[Records drawn from a dataset]
Start of Block

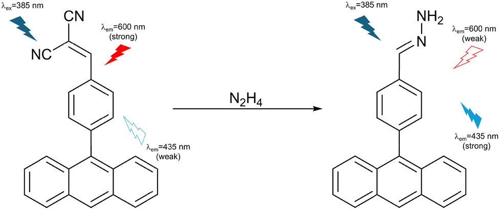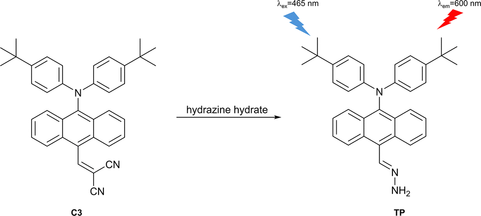 Chen et al. developed a turn-on fluorescent probe (C3) with a dicyanovinyl receptor for hydrazine detection (Fig. 37 and 20 where C3 was used for the detection of cyanide anion). In the excited state, the diphenylamine group functioned as electron donor and the dicyanovinyl group served as the electron acceptor. At the same time, the anthryl group was non-coplanar with the N-phenyl groups. This enabled the TICT process and hence rendered the probe only weakly fluorescent. The addition of hydrazine results in the formation of TP by conjugate addition to the dicyanovinyl group and subsequent loss of malononitrile. This eliminates the TICT process to achieve a strong fluorescence emission. C3 exhibited high selectivity towards hydrazine and excellent sensitivity with a detection limit of 7 ppb.154
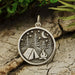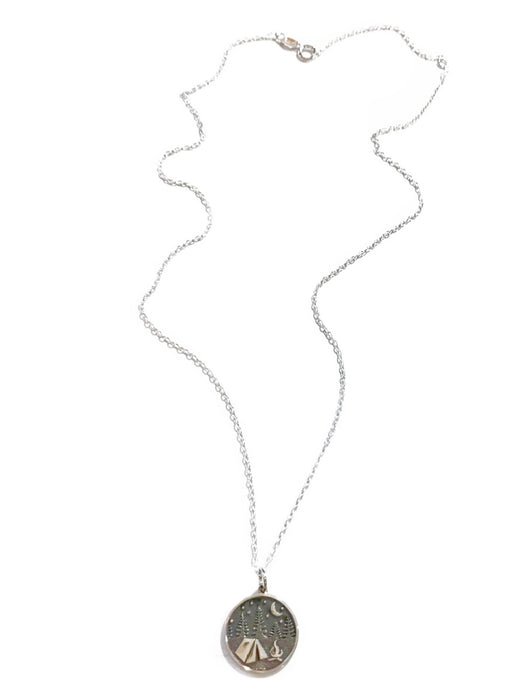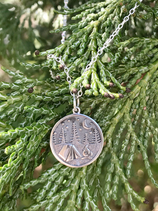 This pendant necklace features a sterling silver medallion with a quaint camping scene, including tent, campfire, trees, moon & stars. The combination of shiny & oxidized silver gives depth & dimension.
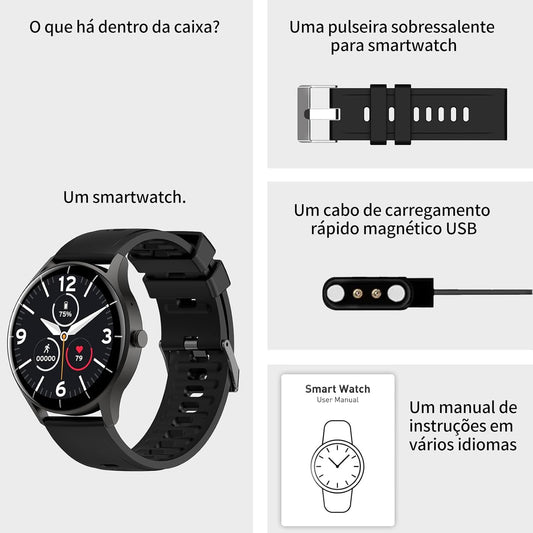 Smartwatch PEJE Relógio Smartwatch com Pulseira Extra - Tela Touch HD 1.28",À Prova d'Água IP68,Faz Chamadas Bluetooth,123+ Modos Esportivos,Bateria de 5-7 Dias,Compatível com iOS/Android.(Preto)
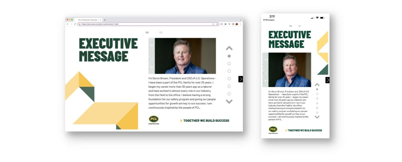 Collaborated with communications to create a landing page with an executive message from the CEO to contract workers on jobsites. It was an effort to spread awareness of benefits provided through PCL due to contractors not having a portal where they could access that information. We also couldn't rely on emails as a form of communication since we weren't confident that we had current information. The best way to communicate was providing a way to access this information digitally from the jobsite.
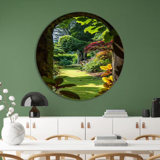 Betoverende Tuin Gezien Door Stenen Poort aluminium muurcirkel
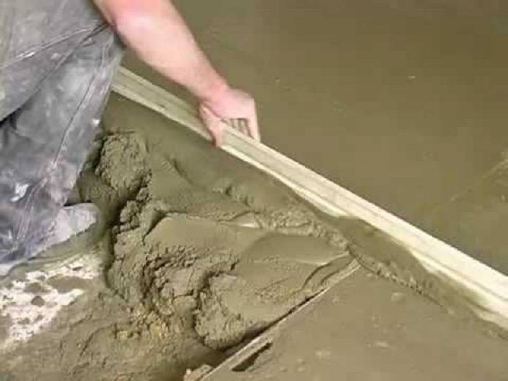- Заливается приготовленный раствор и зигзагообразными движениями разравнивается по маякам правилом.
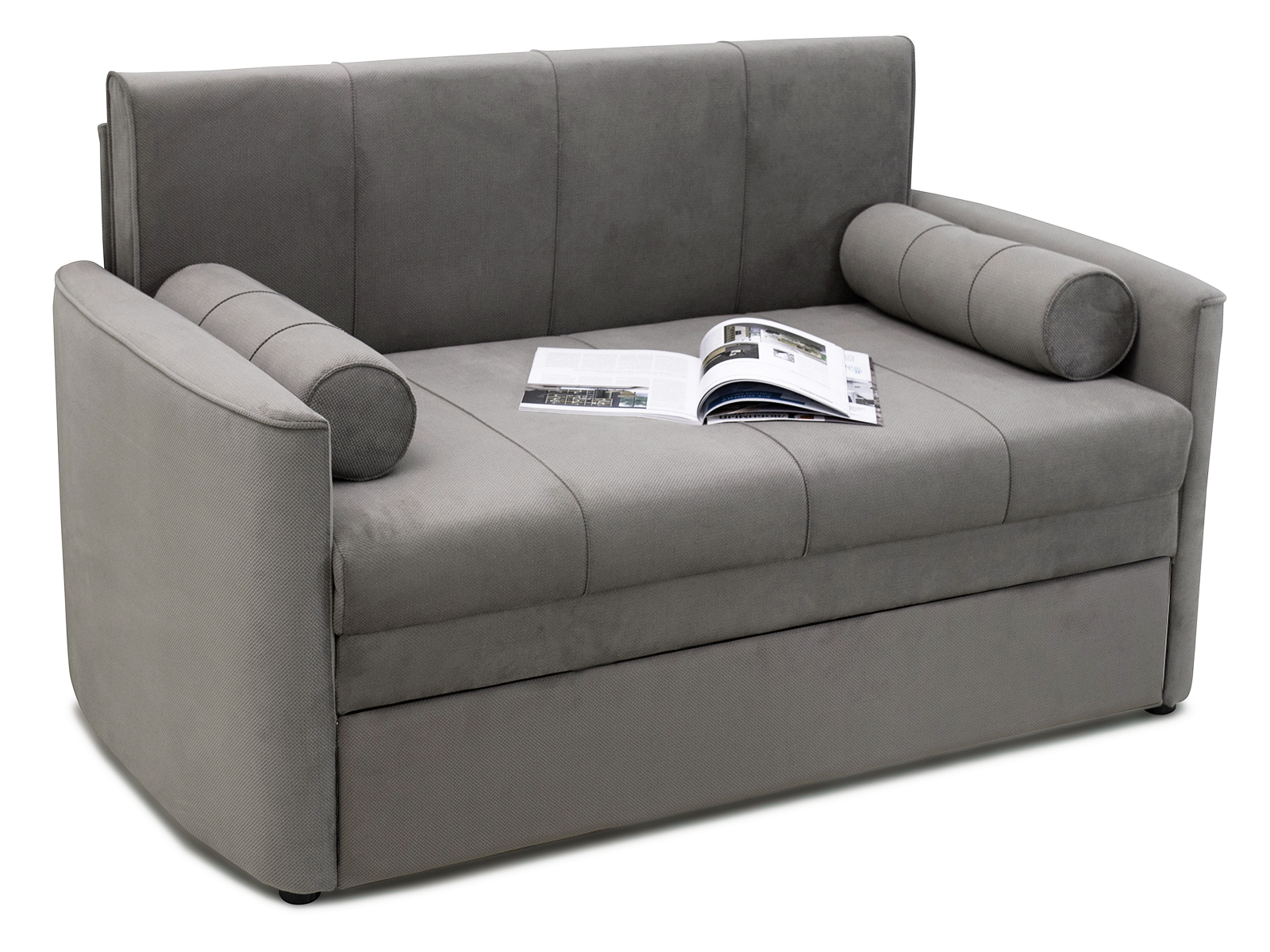 Диван-кровать Мелани Р (120) - компактный современный диванчик. Скругленные подлокотники с кантами подчеркивают эргономичность модели. Простой и надежный механизм трансформации на каждый день обеспечит удобным спальным местом ребенка или подростка. Может использоваться в качестве гостевого спального места для взрослого. Размер сп. места 195 х 120 см, есть небольшой бельевой ящик. Диван выполнен в мягком фактурном велюре. "Пальчиковый эффект" на ткани обивки выражен средне. Опоры - цвет черный, круглые, высота 25 мм., выполнены из высококачественного пластика. Прочность конструкции ножек обеспечена ребрами жесткости и внутренним креплением под фурнитуру.
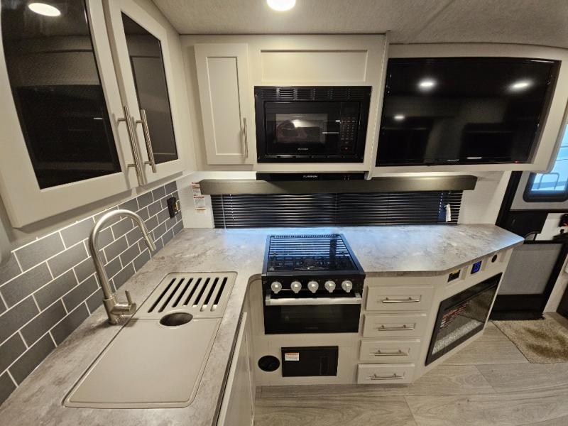 The Keystone Cougar Half-Ton fifth wheel and travel trailers are known as one of America's favorites for a reason! Some of those reasons are the exclusive features that come from Keystone, like the Winegard Air 360+ omni-directional rooftop antenna, the in-floor heating ducts, and the Hyper Deck flooring. The Cougar Half-Ton has a Climate Guard protection package to keep you safe during inclement weather, along with two roof attic vents, PEX plumbing and more. Use the 17" Furrion range with Piezo ignition to create all of those familiar meals from home, and enjoy endless hot showers with the Girard tankless on-demand water heater!
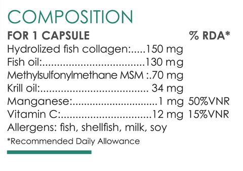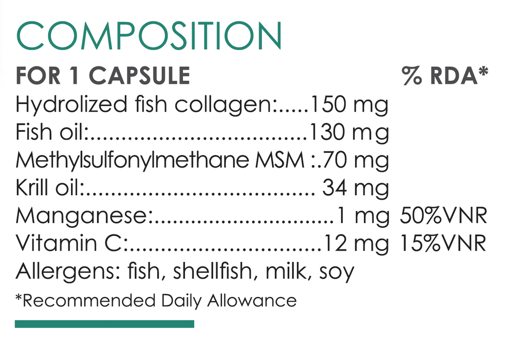 完整成分:水解魚膠原蛋白、魚油、葡萄糖漿、植物油、甘露醇、酪蛋白酸鹽、大豆蛋白、抗壞血酸鈉、二磷酸四鈉、卵磷脂、磷酸三鈣、調味劑、生育醇(維他命E)、植物膠囊(羥丙基甲基纖維素)、甲基磺酰甲烷(MSM)、磷蝦油粉末、脂肪酸鎂鹽、維生素C、葡萄糖酸錳。
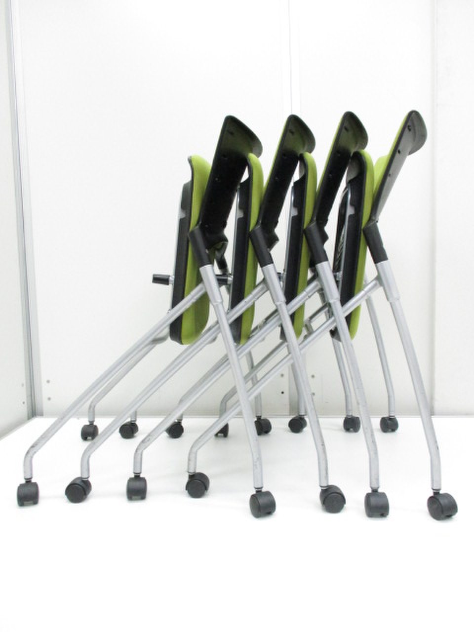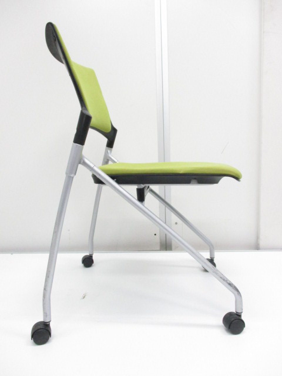 カラーはグリーン色で収納時は、座面をあげてスーパーの買い物カートのようなイメージで収納可能となっております!
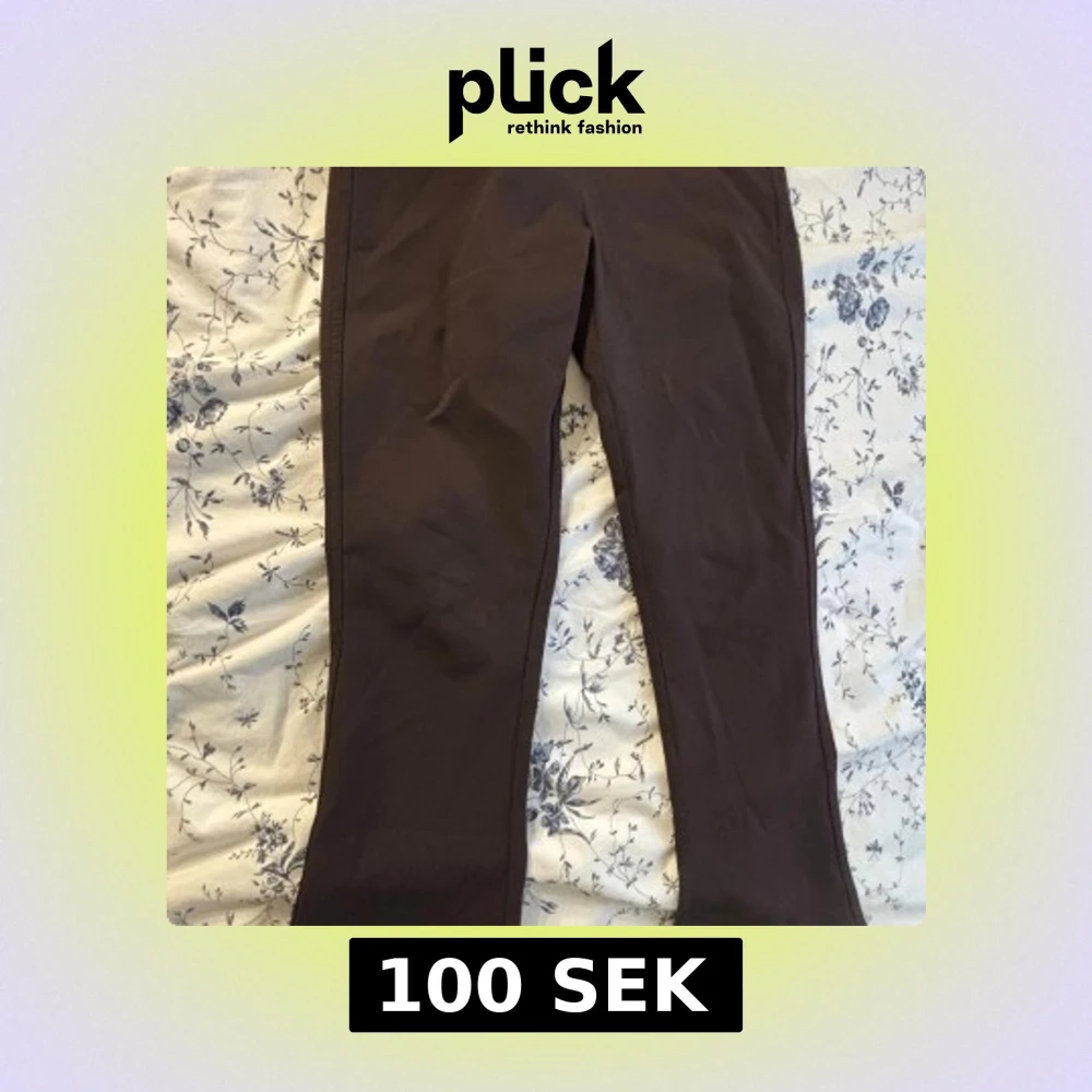 Snygga bruna byxor från Gina Tricot i bootcut-modell. Byxorna har två bakfickor med lock och knapp, och är tillverkade i ett mjukt bomullsmaterial. Perfekta för dig som gillar en klassisk men trendig look.
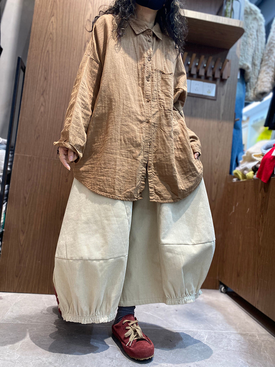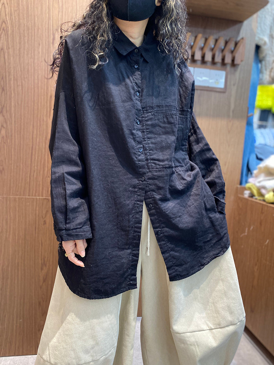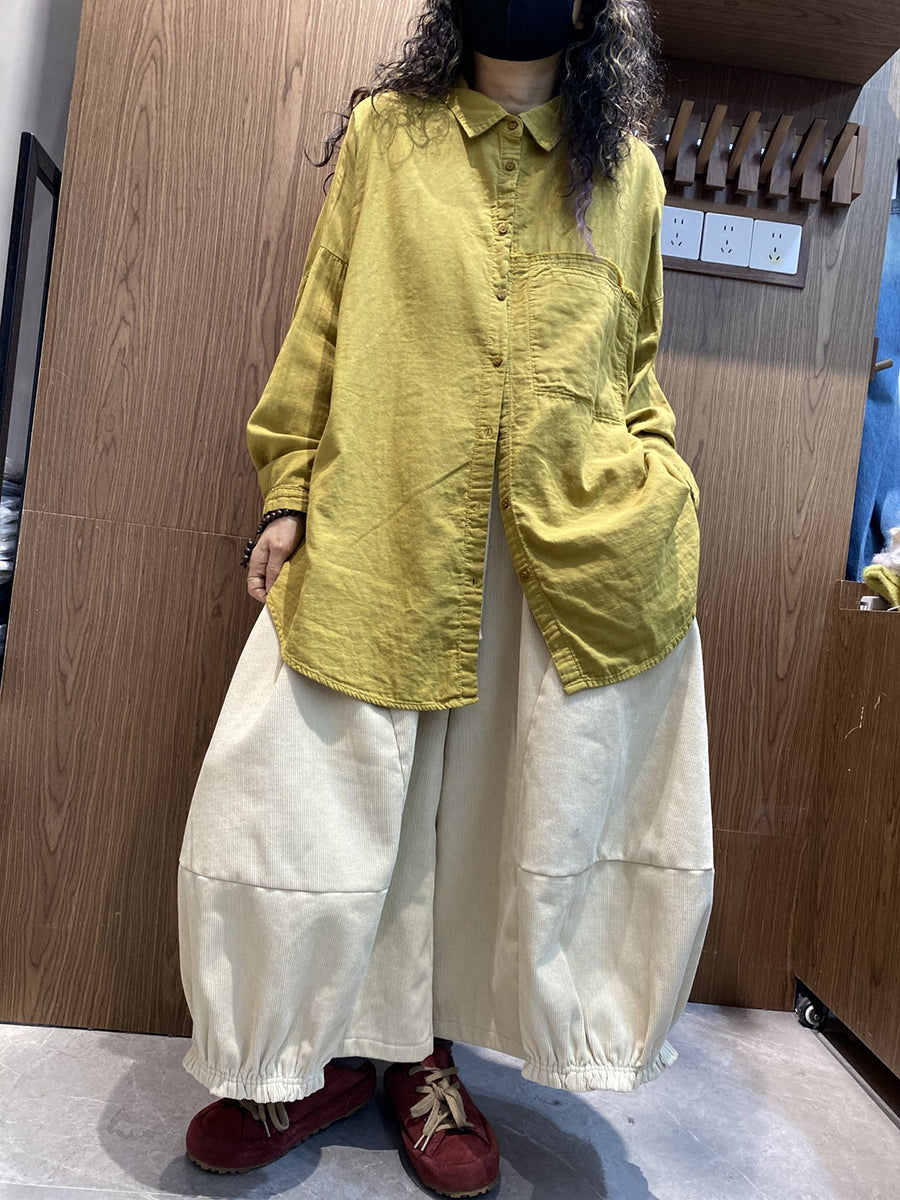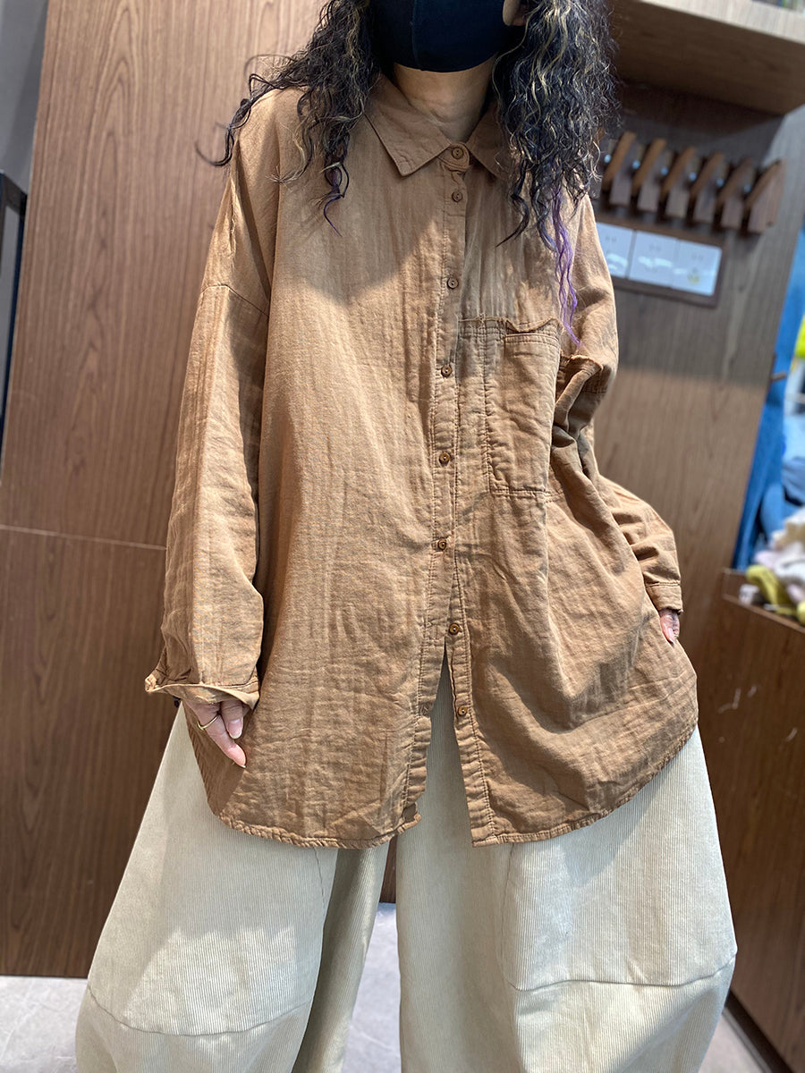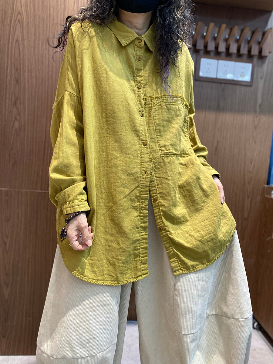 Camicia da donna primaverile con colletto rovesciato, colore puro e artistico
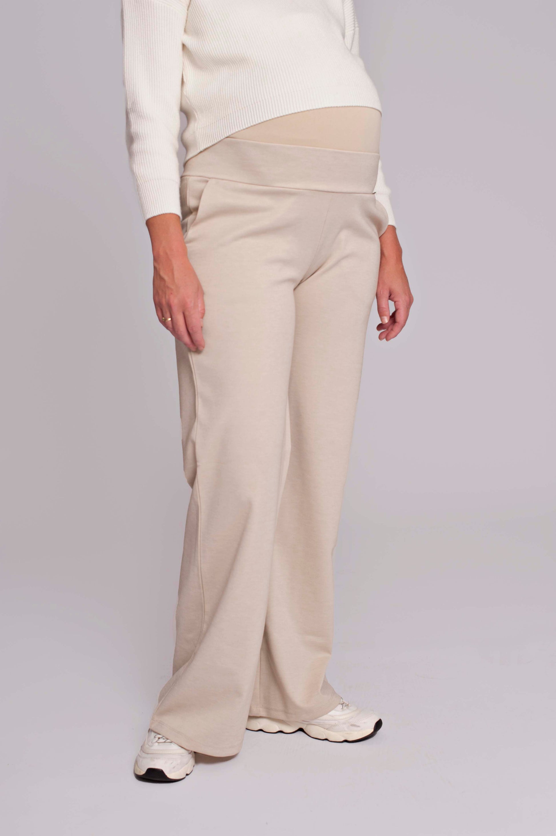 De Pants Wide Leg biedt het beste van twee werelden: het comfort van een zwangerschapsbroek en de uitstraling van een geklede pantalon. Dankzij de elastische tailleband blijft de broek perfect zitten zonder af te zakken, terwijl de zachte buikband je buik ondersteunt zonder te knellen.

End of Block

Return the data exactly. Do not carry over any images.

Result of the exercise:
 Chen et al. developed a turn-on fluorescent probe (C3) with a dicyanovinyl receptor for hydrazine detection (Fig. 37 and 20 where C3 was used for the detection of cyanide anion). In the excited state, the diphenylamine group functioned as electron donor and the dicyanovinyl group served as the electron acceptor. At the same time, the anthryl group was non-coplanar with the N-phenyl groups. This enabled the TICT process and hence rendered the probe only weakly fluorescent. The addition of hydrazine results in the formation of TP by conjugate addition to the dicyanovinyl group and subsequent loss of malononitrile. This eliminates the TICT process to achieve a strong fluorescence emission. C3 exhibited high selectivity towards hydrazine and excellent sensitivity with a detection limit of 7 ppb.154
 This pendant necklace features a sterling silver medallion with a quaint camping scene, including tent, campfire, trees, moon & stars. The combination of shiny & oxidized silver gives depth & dimension.
 Smartwatch PEJE Relógio Smartwatch com Pulseira Extra - Tela Touch HD 1.28",À Prova d'Água IP68,Faz Chamadas Bluetooth,123+ Modos Esportivos,Bateria de 5-7 Dias,Compatível com iOS/Android.(Preto)
 Collaborated with communications to create a landing page with an executive message from the CEO to contract workers on jobsites. It was an effort to spread awareness of benefits provided through PCL due to contractors not having a portal where they could access that information. We also couldn't rely on emails as a form of communication since we weren't confident that we had current information. The best way to communicate was providing a way to access this information digitally from the jobsite.
 Betoverende Tuin Gezien Door Stenen Poort aluminium muurcirkel
- Заливается приготовленный раствор и зигзагообразными движениями разравнивается по маякам правилом.
 Диван-кровать Мелани Р (120) - компактный современный диванчик. Скругленные подлокотники с кантами подчеркивают эргономичность модели. Простой и надежный механизм трансформации на каждый день обеспечит удобным спальным местом ребенка или подростка. Может использоваться в качестве гостевого спального места для взрослого. Размер сп. места 195 х 120 см, есть небольшой бельевой ящик. Диван выполнен в мягком фактурном велюре. "Пальчиковый эффект" на ткани обивки выражен средне. Опоры - цвет черный, круглые, высота 25 мм., выполнены из высококачественного пластика. Прочность конструкции ножек обеспечена ребрами жесткости и внутренним креплением под фурнитуру.
 The Keystone Cougar Half-Ton fifth wheel and travel trailers are known as one of America's favorites for a reason! Some of those reasons are the exclusive features that come from Keystone, like the Winegard Air 360+ omni-directional rooftop antenna, the in-floor heating ducts, and the Hyper Deck flooring. The Cougar Half-Ton has a Climate Guard protection package to keep you safe during inclement weather, along with two roof attic vents, PEX plumbing and more. Use the 17" Furrion range with Piezo ignition to create all of those familiar meals from home, and enjoy endless hot showers with the Girard tankless on-demand water heater!
 完整成分:水解魚膠原蛋白、魚油、葡萄糖漿、植物油、甘露醇、酪蛋白酸鹽、大豆蛋白、抗壞血酸鈉、二磷酸四鈉、卵磷脂、磷酸三鈣、調味劑、生育醇(維他命E)、植物膠囊(羥丙基甲基纖維素)、甲基磺酰甲烷(MSM)、磷蝦油粉末、脂肪酸鎂鹽、維生素C、葡萄糖酸錳。
 カラーはグリーン色で収納時は、座面をあげてスーパーの買い物カートのようなイメージで収納可能となっております!
 Snygga bruna byxor från Gina Tricot i bootcut-modell. Byxorna har två bakfickor med lock och knapp, och är tillverkade i ett mjukt bomullsmaterial. Perfekta för dig som gillar en klassisk men trendig look.
 Camicia da donna primaverile con colletto rovesciato, colore puro e artistico
 De Pants Wide Leg biedt het beste van twee werelden: het comfort van een zwangerschapsbroek en de uitstraling van een geklede pantalon. Dankzij de elastische tailleband blijft de broek perfect zitten zonder af te zakken, terwijl de zachte buikband je buik ondersteunt zonder te knellen.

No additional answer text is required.